PROBLEM TO SOLVE:
Please reproduce the data exactly, excluding any pictures it contains.

(Data extracted from a collection)
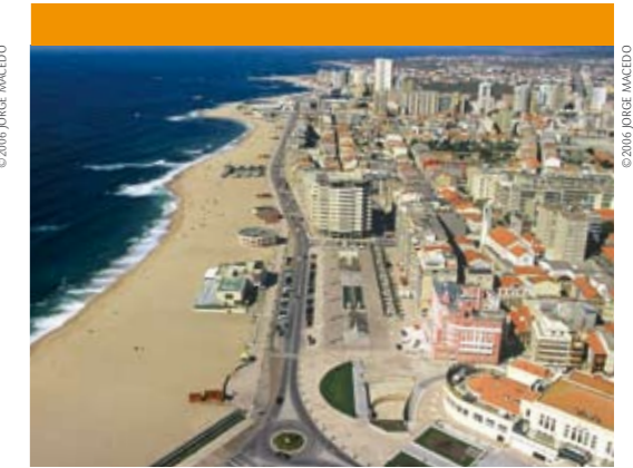
Praia da Póvoa

Póvoa offers top quality sports facilities where many international competitions take place. Among them are the 19 S. Pedro de Rates Shooting Area (4 Olympic ditches - they used trenches in the 1st W.W., 4 universal ditches, 5 propeller installations, 4 compact Sporting facilities); 20 indoor heated Olympic (size) Swimming pool; 21 Municipal Sports Hall; 22 Municipal Stadium, etc.
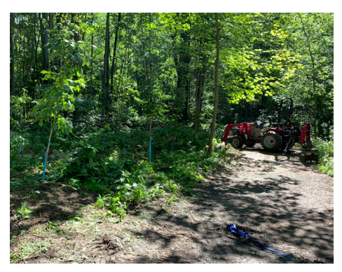
SNC will be restoring the J. Henry Tweed Conservation Area in Russell thanks to a new 3year partnership with Ontario Power Generation. Restoration work will include Ash Tree removal, native tree planting, repairing erosion and streambank stabilization.
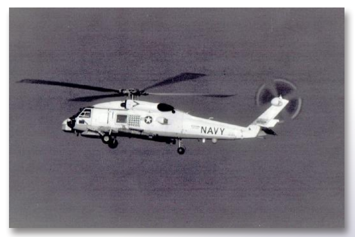
The SH-60B Seahawk gave the Navy its Light Airborne Multipurpose System.
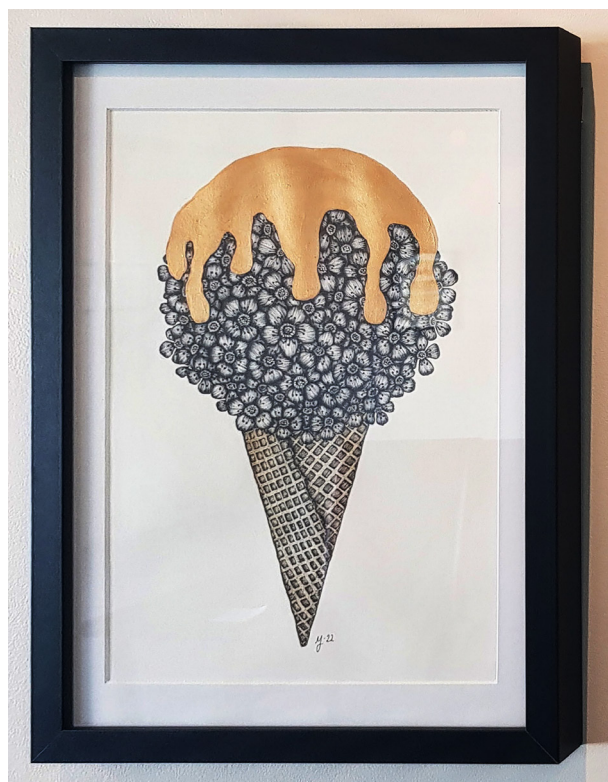
'Manuka Ice-Cream' - 250 x 400mm. Ink pen and gold paint
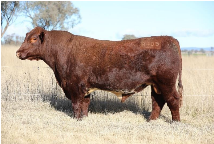
Lot 13 - HSER105
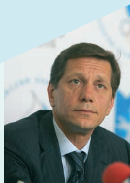
Alexander Zhukov Deputy Prime Minister of the Russian Federation and Chairman, Sochi 2014 Supervisory Board

"We have a very solid financial safety buffer to cope with the current situation, with $12 billion of Federal Government funds already set aside for the Olympic project. As Prime Minister Putin recently stressed: "Not a single Russian investor has given up his/her initial plans. We will meet our commitment for Games-related outlays of $3.2 billion this year and $3.6 billion in 2010."
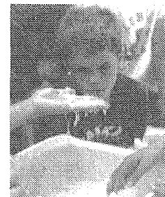
L to R - Rhubarb and cotton blended to make paper pulp. / Drying sheets of paper made from handmade paper pulp.
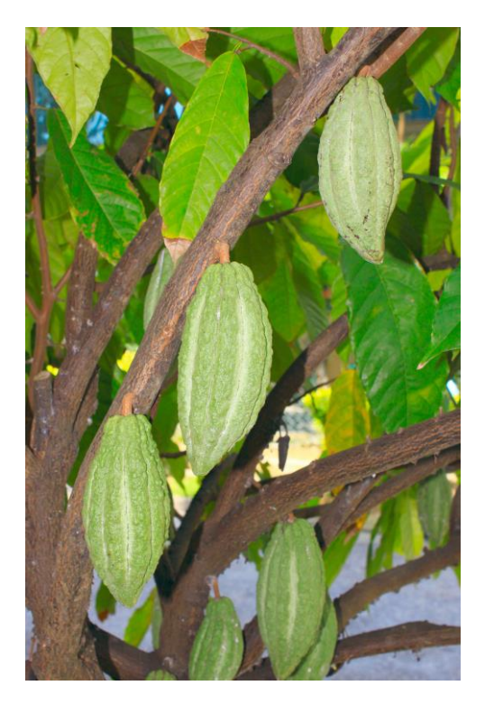
Figure 1: Cocoa ( T. cacao ) which contains high polyphenol content.

planted in Malacca in 1778 (Ruzaidi et al. 2005). Cocoa was used by ancient peoples as a medicinal plant for treating various disorders. Over 100 medicinal uses for cocoa have been documented in Europe and New Spain from the 16th to the early 20th century; it has been used to treat anaemia, mental fatigue, tuberculosis, fever, gout, kidney stones, and even poor sexual appetite (Dillinger et al. 2000). The cocoa bean contains a large number of phytochemicals, and physiologically active compounds have been reported. For example, Kim et al. (2011), reported that selected procyanidins present in cocoa inhibited tumorigenesis, tumour growth, and angiogenesis. Procyanidin-enriched cocoa seed extracts caused G2/M arrest and 70% growth inhibition in Caco-2 colon cancer cells. The consumption of cocoa or chocolate, which possesses high antioxidant activity, could be beneficial in decreasing damage caused by genotoxic and epigenetic carcinogens and inhibit the complex processes leading to cancer.
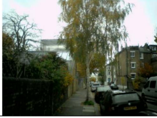
T6 - Birch (Silver)
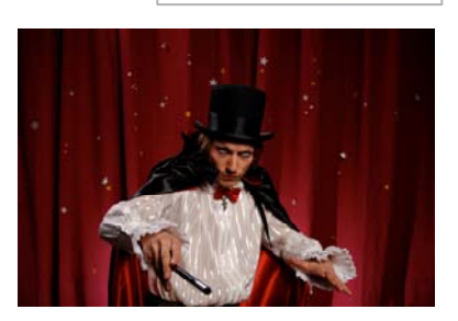
"Instead of Abracadabra"
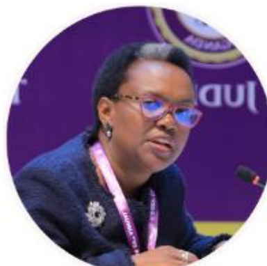
Session Chairperson - Hon. Lady Justice Patricia Basaza Wasswa (JHC)

Hon. Justice Flavian Zeija, The Hon., the principal judge, started his presentation by noting the mandate of the High Court under Articles 138 - 140 of the Constitution of Uganda. He stated that the court is decentralised into 38 Divisions and Circuits. However, only 24 High Court Circuits were operational.
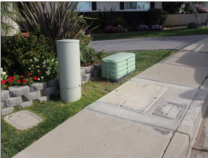
Crews connect utility cabling from the customer's panel to the new pedestal boxes, as pictured above.
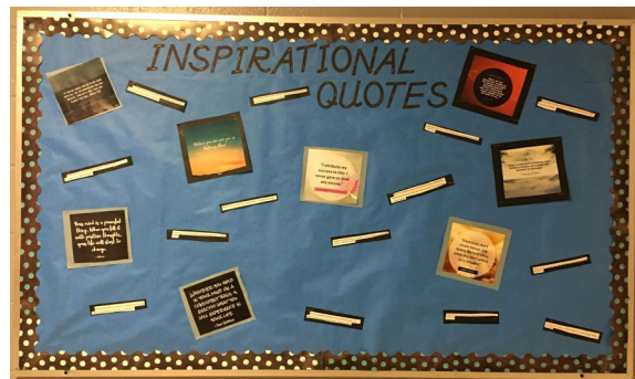
Inspirational quote bulletin board created by JH students

Activity Updates and Tracking - Carbondale Attendance Center and SFT Junior High information and updates are frequently posted to the District FaceBook page and the cac/sftjh Twitter account which can also be accessed from the District FaceBook page.
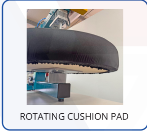
ROTATING CUSHION PAD

TASK SOLUTION:
Praia da Póvoa

Póvoa offers top quality sports facilities where many international competitions take place. Among them are the 19 S. Pedro de Rates Shooting Area (4 Olympic ditches - they used trenches in the 1st W.W., 4 universal ditches, 5 propeller installations, 4 compact Sporting facilities); 20 indoor heated Olympic (size) Swimming pool; 21 Municipal Sports Hall; 22 Municipal Stadium, etc.
SNC will be restoring the J. Henry Tweed Conservation Area in Russell thanks to a new 3year partnership with Ontario Power Generation. Restoration work will include Ash Tree removal, native tree planting, repairing erosion and streambank stabilization.
The SH-60B Seahawk gave the Navy its Light Airborne Multipurpose System.
'Manuka Ice-Cream' - 250 x 400mm. Ink pen and gold paint
Lot 13 - HSER105
Alexander Zhukov Deputy Prime Minister of the Russian Federation and Chairman, Sochi 2014 Supervisory Board

"We have a very solid financial safety buffer to cope with the current situation, with $12 billion of Federal Government funds already set aside for the Olympic project. As Prime Minister Putin recently stressed: "Not a single Russian investor has given up his/her initial plans. We will meet our commitment for Games-related outlays of $3.2 billion this year and $3.6 billion in 2010."
L to R - Rhubarb and cotton blended to make paper pulp. / Drying sheets of paper made from handmade paper pulp.
Figure 1: Cocoa ( T. cacao ) which contains high polyphenol content.

planted in Malacca in 1778 (Ruzaidi et al. 2005). Cocoa was used by ancient peoples as a medicinal plant for treating various disorders. Over 100 medicinal uses for cocoa have been documented in Europe and New Spain from the 16th to the early 20th century; it has been used to treat anaemia, mental fatigue, tuberculosis, fever, gout, kidney stones, and even poor sexual appetite (Dillinger et al. 2000). The cocoa bean contains a large number of phytochemicals, and physiologically active compounds have been reported. For example, Kim et al. (2011), reported that selected procyanidins present in cocoa inhibited tumorigenesis, tumour growth, and angiogenesis. Procyanidin-enriched cocoa seed extracts caused G2/M arrest and 70% growth inhibition in Caco-2 colon cancer cells. The consumption of cocoa or chocolate, which possesses high antioxidant activity, could be beneficial in decreasing damage caused by genotoxic and epigenetic carcinogens and inhibit the complex processes leading to cancer.
T6 - Birch (Silver)
"Instead of Abracadabra"
Session Chairperson - Hon. Lady Justice Patricia Basaza Wasswa (JHC)

Hon. Justice Flavian Zeija, The Hon., the principal judge, started his presentation by noting the mandate of the High Court under Articles 138 - 140 of the Constitution of Uganda. He stated that the court is decentralised into 38 Divisions and Circuits. However, only 24 High Court Circuits were operational.
Crews connect utility cabling from the customer's panel to the new pedestal boxes, as pictured above.
Inspirational quote bulletin board created by JH students

Activity Updates and Tracking - Carbondale Attendance Center and SFT Junior High information and updates are frequently posted to the District FaceBook page and the cac/sftjh Twitter account which can also be accessed from the District FaceBook page.
ROTATING CUSHION PAD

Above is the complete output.